Ribs.  Need I say more?  Gillen’s ($7) are poignantly tender and very spicy – a true symbiosis.  And served with crusty, bratty garlic fries, a slathering of baked beans, and a small ceramic pot of weirdly pink, pleasantly acidic pickled cabbage.  If you clean that particular plate, you won’t be hungry for another meal or two.
Baja fish tacos ($6) would seem to be a carry-over from Gillen’s Cha Cha Cha days.  You might also expect they’d be a lighter counterpoint to the bruisingly rich ribs; if they are, it’s in a relative sense only.  For one thing, the pieces of fish are encased in what my friend described as “extreme breading,” on a scale you might expect to find in a plate of fish and chips at a London pub.  Is this bad?  No, delicious.  Just not for the weight watchers.  As for the California flourish, that would be the papaya salsa.
Some of the portions are not overwhelmingly vast.  A large Caesar salad ($8), with chunks of grilled chicken breast and a heavy accumulation of grated Asiago cheese, makes the perfect lunch.  And a place of batter-fried clamari ($6), served with a sizeable dollop of lime-chili aioli, makes a nicely splittable starter.
But other appetizers are bigger than main dishes elsewhere.  Potato croquettes ($5), stuffed with Asiago and rosemary and served with smoked-tomato salsa on the side, turned out to be corn-dog size, and there were three of them!  We were still gnawing and nibbling away when the main dishes arrived.
And, since one of those dishes was the batter-fried catfish ($9), we knew something like despair.  How could we hope to eat all this food?  And, needless to say, it wasn’t as if the massive chink of deep-fried fish was sitting all by its lonesome on that roomy plate.  No, there was also a sweet-tart corn relish, a rubble field of handsomely bronzed garlic steak fries, and (in an artful reprise) the lime-chili aioli.
When you’ve surprised yourself by eating all that (as we did), you might well find yourself sitting there in a stupor.  Except you won’t, because Q’s energy and noise levels turn out to be an effective remedy for stupor.  If you’re not in a stupor, in fact, and you’re older than 30, you might even find the restaurant’s cheerfulness a bit aggressive, a bit intrusive.  Like a party, really, with the usual throbbing music that rather harassingly asks you to get up and dance.

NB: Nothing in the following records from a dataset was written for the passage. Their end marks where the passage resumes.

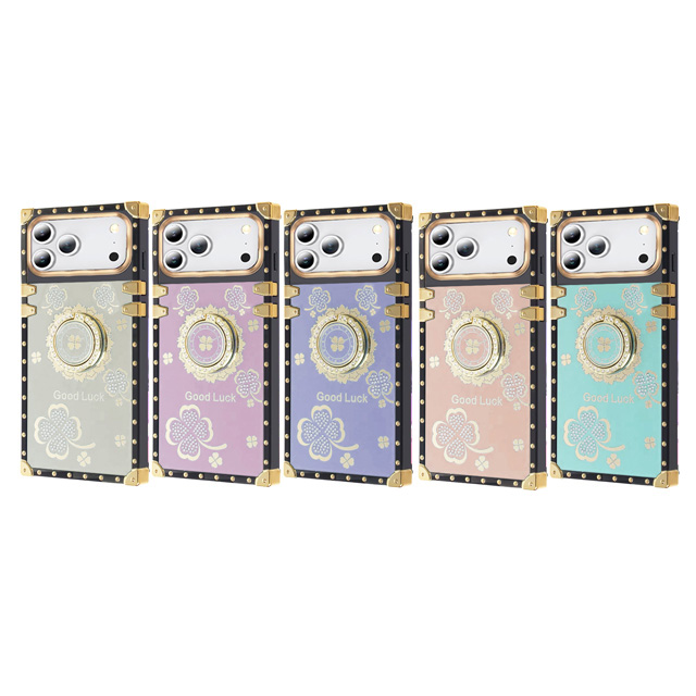 Square Rectangular Case with Clover Design Ring Stand Hook for iPhone 17 Pro Max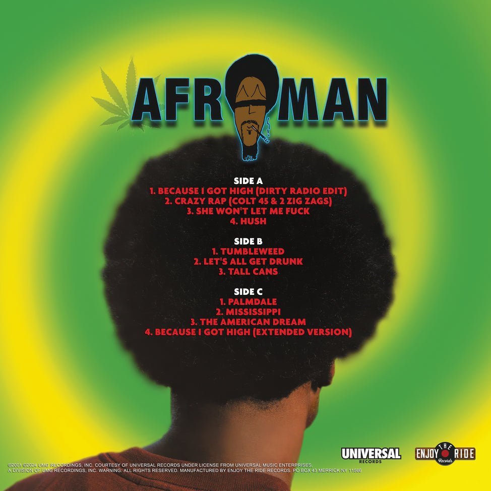Enjoy The Ride Records in conjunction with Universal Music Group proudly presents Afroman - The Good Times. This is the first official vinyl reissue in over two decades, just in time to celebrate 25 years of the hit single, "Because I Got High," which was originally released in the summer of 2000.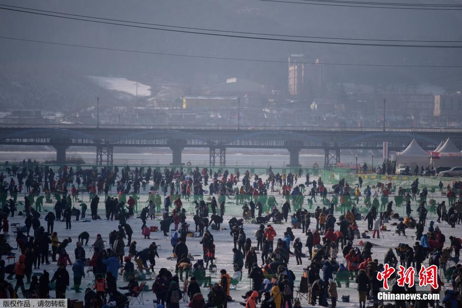 当地时间2015年1月31日,韩国华川郡,当地举行年度冰上钓鱼节,这一为期三周的活动吸引上百万民众到访。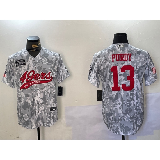 >Men's San Francisco 49ers #13 Brock Purdy Arctic Camo 2024 Salute to Service Stitched Baseball Jersey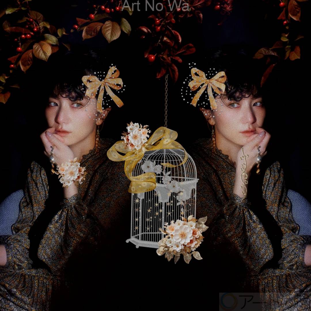 セルフポートレートのコラージュ作品です。私の「好き」を詰め込みました。「アール・ヌーボー」なイメージです。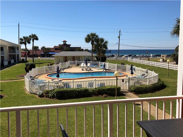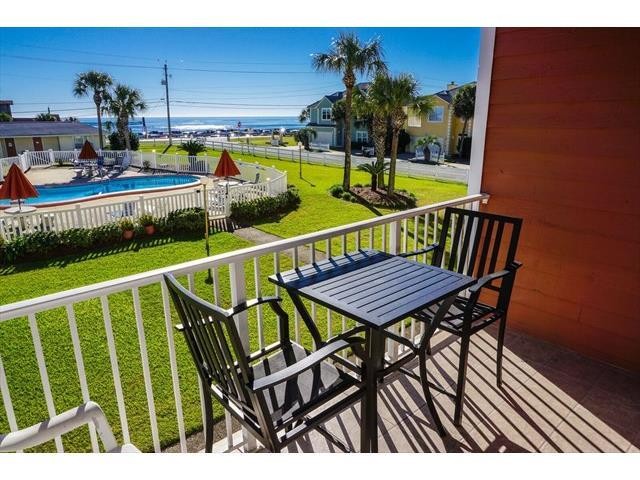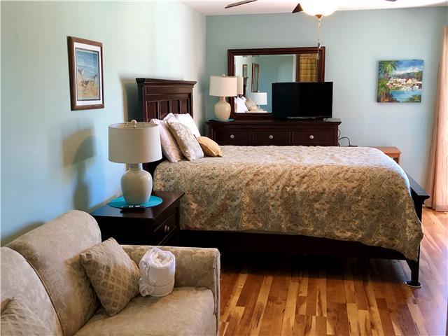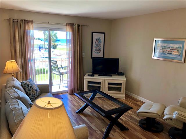 This condo sleeps 4 and overlooks the Courtyard, Pool, and Beautiful Emerald Green Waters dancing in the background.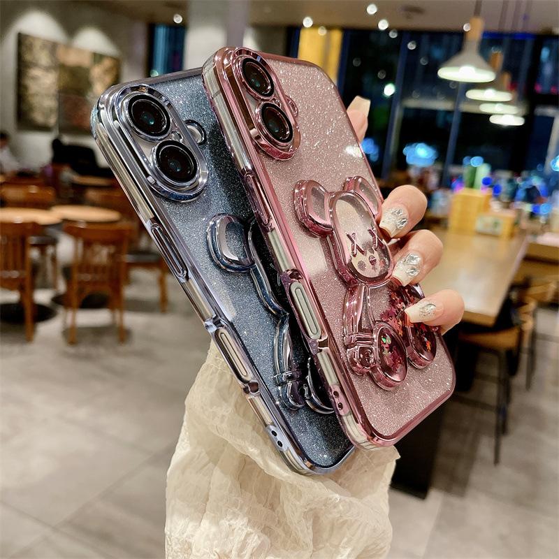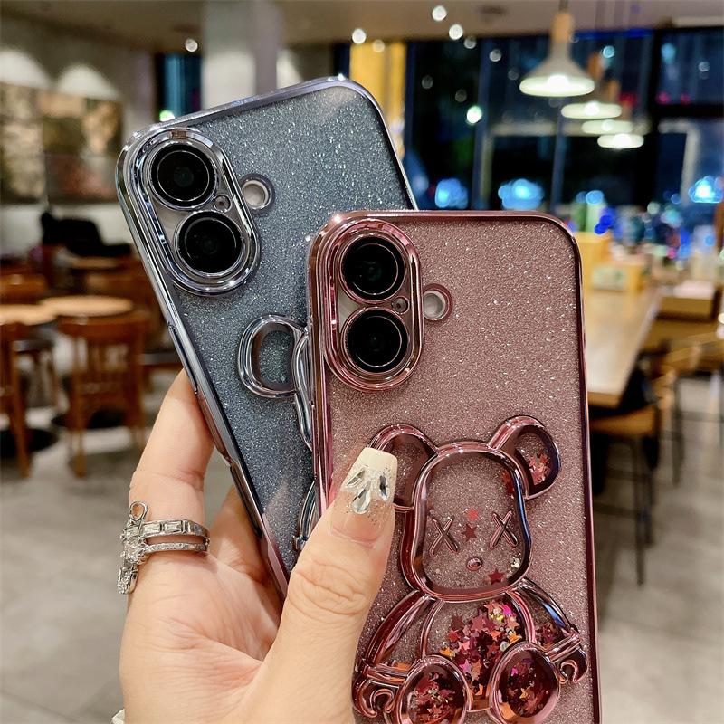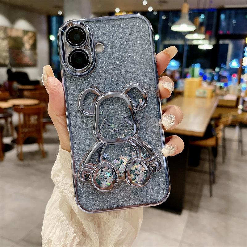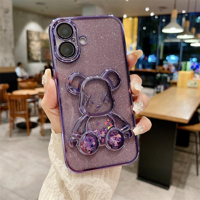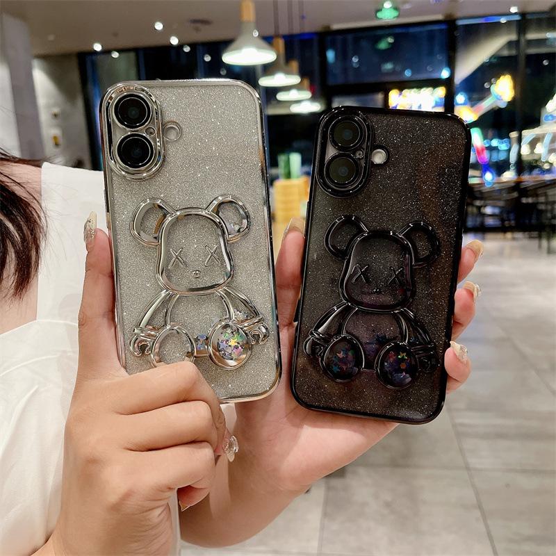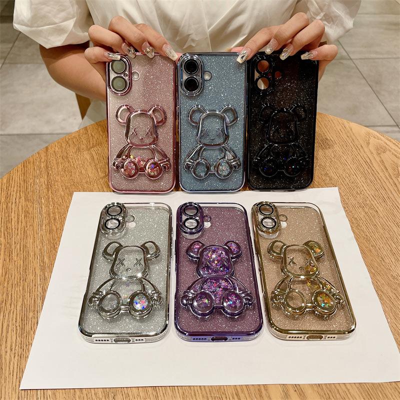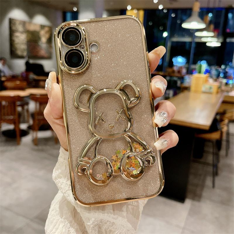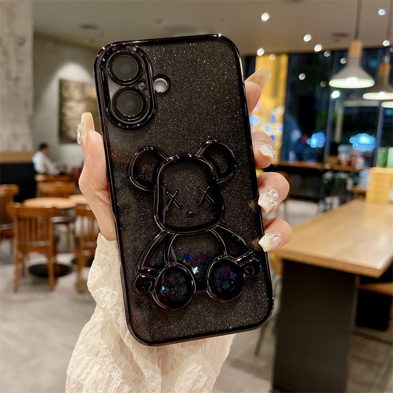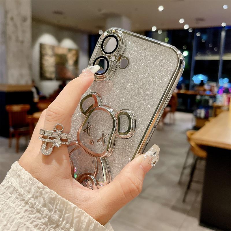 Funda para teléfono móvil Apple 16promax con diseño de oso violento y arenas movedizas para iPhone 14pro, anticaídas, 15max, con purpurina 13 suave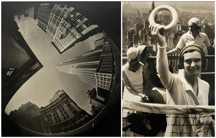 左圖:魚眼鏡頭中的紐約帝國大廈,攝 /拉爾夫·史坦納(Ralph Steiner,1899-1986,美國第一代前衛電影制作人及攝影師),1935;右圖:天臺上的網球手與曼哈頓天際線,攝 /瑪格麗特·布爾克-懷特(Margaret Bourke-White,1904-1971),1931
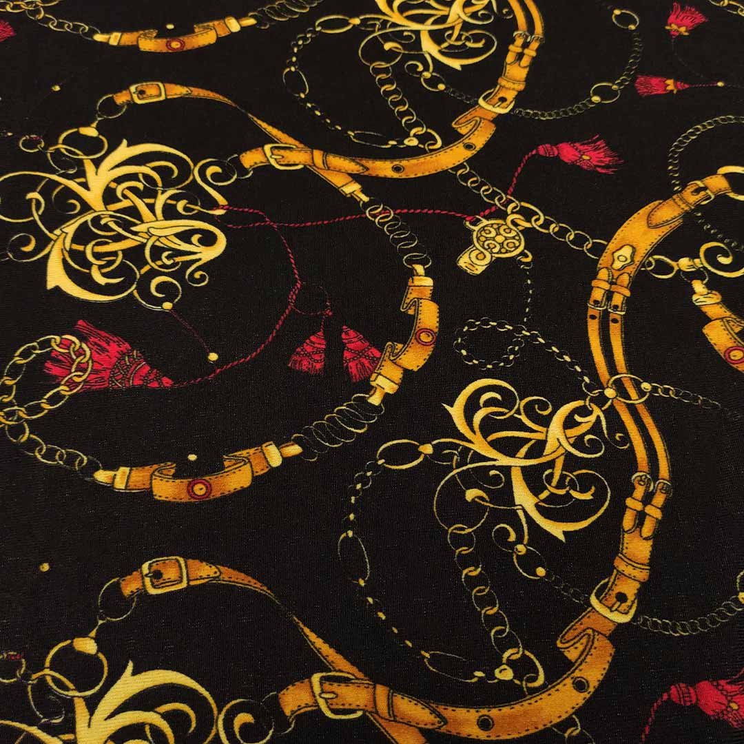 Tessuto Jersey peso autunnale a fantasia motivo astratto oro – rosso – nero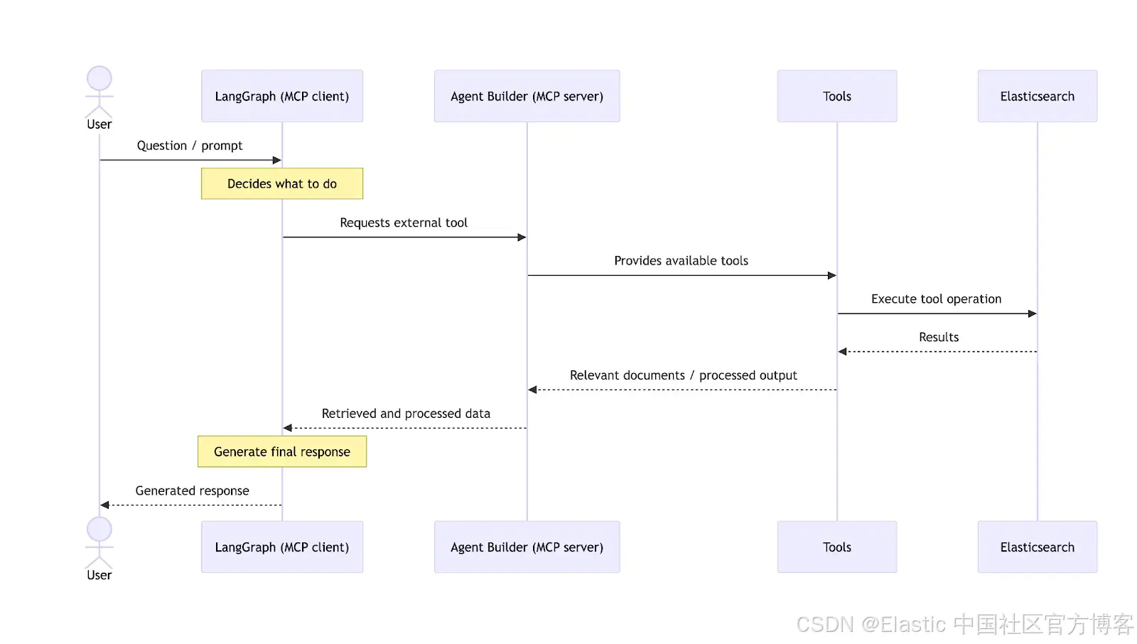 在这一层,Agent Builder 起核心作用,通过暴露与 Elasticsearch 数据交互所需的 tools 来管理在 Elasticsearch indices 上运行的工具,并将它们提供给使用者。然后 LangChain 通过 MCP client 处理编排。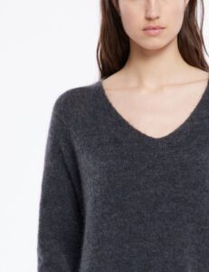 Deze V-hals trui is extra lang en ultrazacht. Dankzij de luxueuze mix van mohair en merinowol ontstaat een wolkachtige textuur met comfortabele stretch. De losse pasvorm en de fijne details maken deze trui zowel stijlvol als cozy.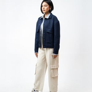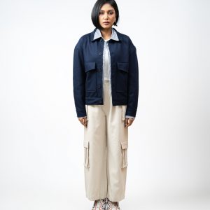 Meet the jacket that does it all, now in essential black. The Boxy Jacket in Navy Blue by Gorur Ghash is the ultimate layer. It’s crafted from a seriously thick wool-blended cotton, giving it the structure and weight to handle city weather. The fit is intentionally boxy and unisex, creating a sharp, modern silhouette that layers well over anything.

It’s the kind of environment in which having a sustained conversation becomes something of a struggle.  Even retreating to one of the alcoves on either side of the entryway doesn’t entirely solve the problem of din, but it does reduce it while also affording and intimate view of the endless food traffic along Clement: people hurrying to or from banks, food markets, coffee bars, book stores, restaurants – one of which might or might not be Q.  Or maybe doughnuts. That was us: Americans, filled up American style, seeking that last taste of Americana before hurrying on ourselves.